We evaluated a number of classifiers in this study to understand the concepts of linear separability and generalizability in the context of predicting MCI-to-AD progression. Support vector machine (SVM), multiple kernel learning (MKL), and generalized linear models (GLM) with elastic-net regularization are the classifiers used in this study. SVM classifier, because it allows the transformation of features using linear and non-linear kernels, provides us the ability to evaluate the suitability of linear and non-linear classifiers for this problem. On the other hand, MKL allows the application of different kernel transformations for features from different modalities while optimizing more model-parameters than an SVM classifier. Although MKL and SVM are similar classification paradigms, MKL facilitates the integration of multiple modalities at the expense of potential overfitting. Finally, GLM classification with elastic-net regularization is an extension of the commonly known logistic regression classifier with additional regularization to minimize overfitting. In this study, we evaluated the overall generalizability of these classifiers that have distinct optimization objectives.

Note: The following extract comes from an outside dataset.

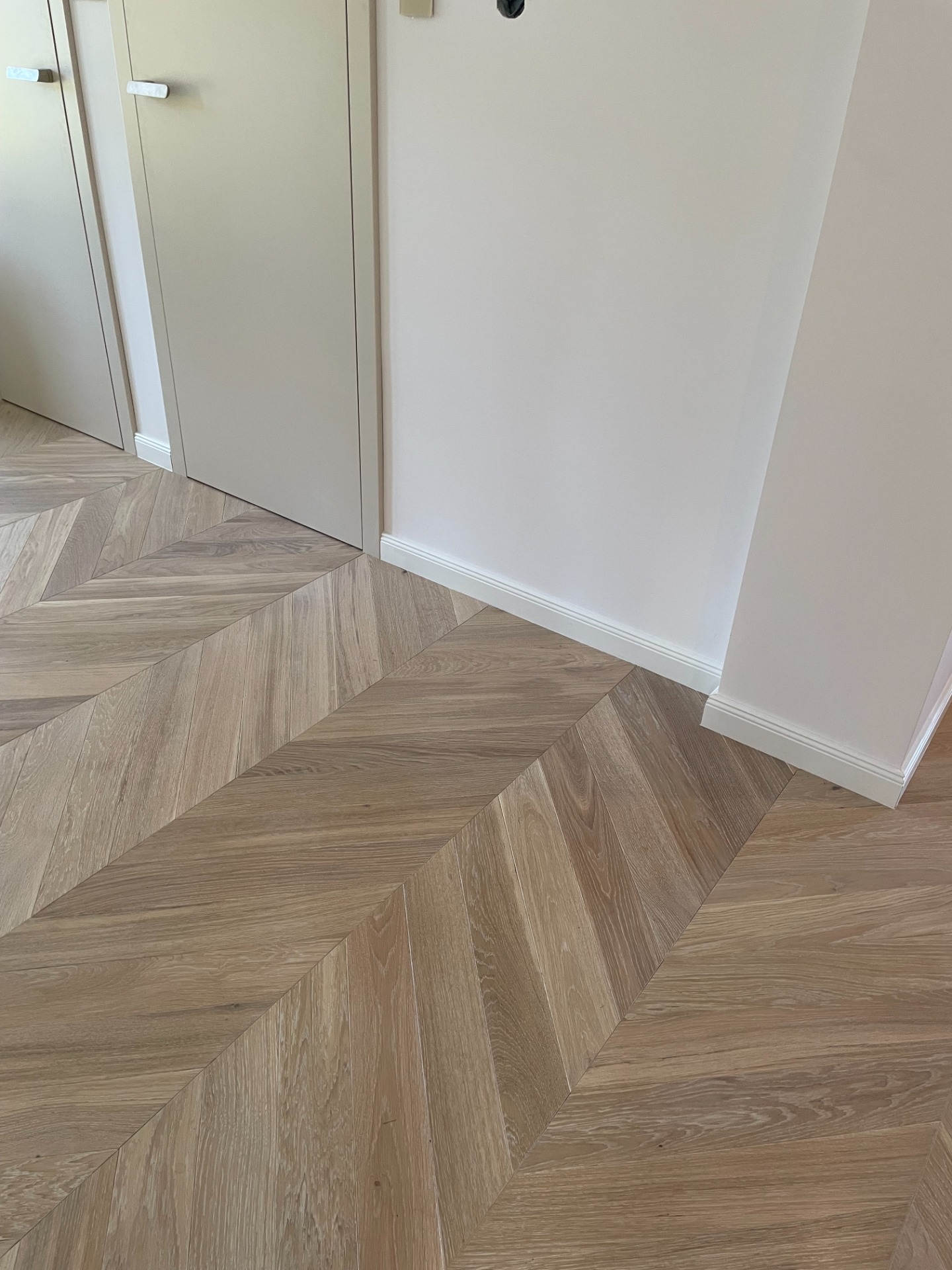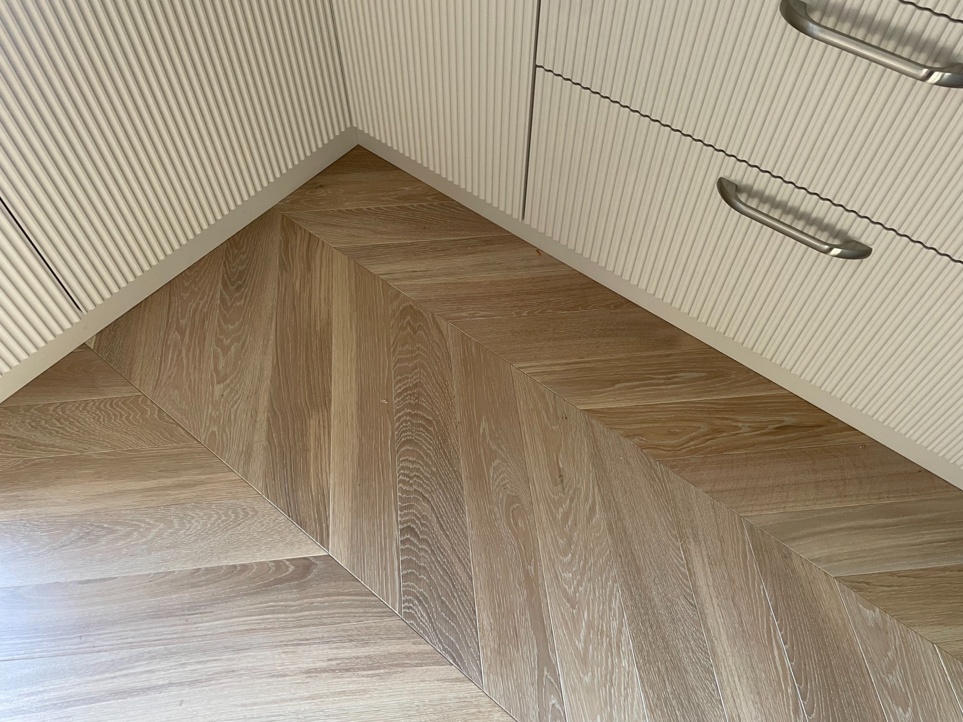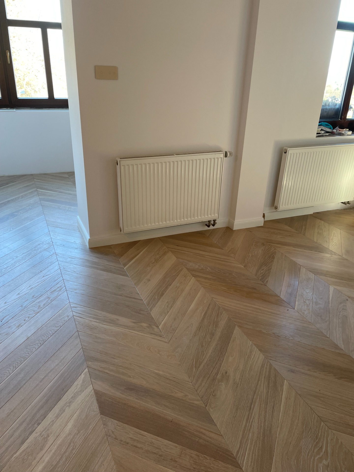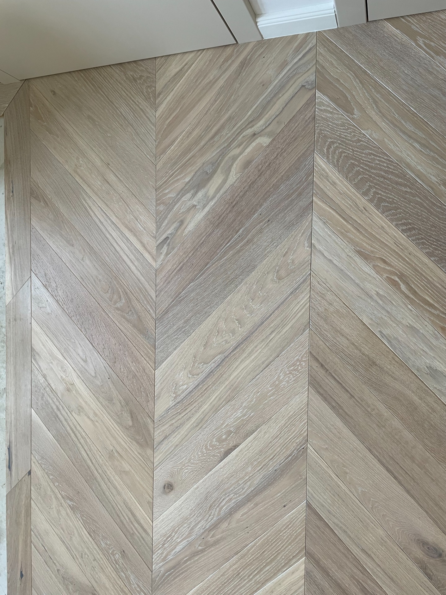 Chevron - francouzský stromeček, je exkluzivní provedení dřevěné podlahy. Povrchová úprava olej White Plains

A support vector machine is a binary classifier that finds the maximum margin hyperplane that separates the two classes in the data28. Suppose that the data being classified are denoted by \(X\in {{\mathbb{R}}}^{N\times P}\) (N subjects and P features), and that the data from subject i are denoted by \({X}^{(i)}\in {{\mathbb{R}}}^{P}\). Let us also use \(Y\in {\{-1,1\}}^{N}\) to denote the class labels for all the subjects (where \(-1\) and \(1\) are numerical labels for the two classes), and \({Y}^{(i)}\in \{-1,1\}\) to denote the class label for subject i. The optimization problem to find the optimal hyperplane (described by weights \(W\in {{\mathbb{R}}}^{P}\) and intercept term \(b\in {\mathbb{R}}\)) is shown in Eq. 3.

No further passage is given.